In the first part of the study, conducted to test the benefits of orderliness, students were asked to perform a series of tasks in either a clutter-free room or a room that was scattered with papers and other items. At the end, they were asked to donate money to a charity and to choose a snack – either a fresh apple or a chocolate bar.

It turns out that 82 per cent of people in the tidy room offered to give money compared with 47 per cent in the messy one.

And 67 per cent of those in the orderly setting chose the apple, compared with only 20 per cent of students in the messy room. (Who knew? A new sub-genre in wellness could be just around the corner: Tidy rooms make for trim waists!)

However, further test situations in the study showed that creativity suffers if you live in a clutter-free environment, a finding that could have been called the Albert Einstein Factor. (He looked unkempt and was reportedly messy in his personal life, but was certainly a creative genius.)

Nearly 50 research subjects were invited individually into one of two laboratory settings – messy or tidy – and asked to brainstorm ideas for a Ping Pong factory that wanted to promote new uses for its product. Both groups came up with the same number of ideas, but those in the messy room offered ideas that were "highly creative," according to an independent evaluation.

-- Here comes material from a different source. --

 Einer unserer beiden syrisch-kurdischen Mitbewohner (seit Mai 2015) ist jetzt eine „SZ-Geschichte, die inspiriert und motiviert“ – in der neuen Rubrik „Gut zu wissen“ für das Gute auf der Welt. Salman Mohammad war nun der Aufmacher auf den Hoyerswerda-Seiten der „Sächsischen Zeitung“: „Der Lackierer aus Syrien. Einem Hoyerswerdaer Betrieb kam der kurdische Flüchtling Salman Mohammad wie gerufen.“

For example, the messy-room thinkers suggested Ping Pong balls could be used as ice-cube trays or on the feet of chairs to protect floors. Ideas emanating from the tidy room were deemed less creative – one involved using Ping Pong balls to play beer pong. (Uh, hello? People already do that.)

"Being in a messy room led to creativity, and that's something organizations and others might want to pay attention to," Vohs explained in a telephone conversation.

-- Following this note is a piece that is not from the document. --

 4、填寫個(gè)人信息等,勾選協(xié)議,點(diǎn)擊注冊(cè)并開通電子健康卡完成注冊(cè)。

Participants in the messy room were 28 per cent more creative on average, she noted, although she stopped short of explaining why a mess stimulates creativity – an untidy loose end of her research, one might say.

Another experiment in the same study showed that, compared with tidy-room people, research subjects in messy environments were twice as likely to reach for a new product rather than one identified as classic. "The idea is that, when things are tidy and orderly, it promotes thinking that is conventional; the opposite is [supposedly] true when people are in a messy environment. Not thinking in conventional ways is the definition of creativity."

Vohs goes so far as to warn that creativity may be "hampered by the minimalist design movement."

She even suggests that one could "engineer" one's creativity quotient.

If, in other words, you have a work assignment that requires adherence to rules and a conservative approach, sit yourself down at a tidy desk. (Filling out your expense report comes to mind.)

But if you have something creative to produce? Feel free to toss those magazines on the floor and fling some pencils across the table.

According to Vohs, there are two types of untidy environments. One is disorganized. The other is plain dirty.

"It's more about clutter as a good thing," she said. "We are not talking about messy environments that elicit disgust."

Well, phew. Your teenagers still have to pick up their dirty laundry. At least that much is clear.